Marjorie Hope Nicolson (February 18, 1894 – March 9, 1981) was an American literary scholar. She was elected a member of the American Philosophical Society in 1941 and a Fellow of the American Academy of Arts and Sciences in 1955.

Early life and education
Nicolson was the daughter of Charles Butler Nicolson, editor-in-chief of the Detroit Free Press during World War I and later that paper's correspondent in Washington, DC, and Lissie Hope Morris.

Nicolson graduated from the University of Michigan with a B.A. degree in 1914, followed by her M.A. in 1918. Afterwards, she attended Yale, where she received a Ph.D. in 1920, where she was the first woman to receive the distinguished John Addison Porter Prize for her dissertation.
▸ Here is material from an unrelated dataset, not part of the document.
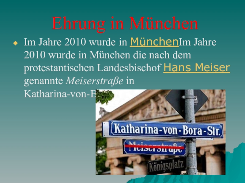 wurde in München die nach dem protestantischen Landesbischof Hans Meiser genannte Meiserstraße in Katharina-von-Bora-Straße umgenannt

She taught first at the University of Michigan and was granted an assistant professorship before continuing her graduate study at Johns Hopkins College from 1923–1926. While at Johns Hopkins, Nicolson continued to teach at Goucher College. In 1926, she left for England to study as one of the early Guggenheim fellows.

Career 
After her studies in Europe, Nicolson returned to the United States to continue her research and to teach at Smith College. She was first an associate professor from 1926–1929, before becoming a professor of English literature and Dean from 1929 until 1941. During her time at Smith College, Nicolson was a strong ally of President Neilson and defender of women's right to have a real academic education. 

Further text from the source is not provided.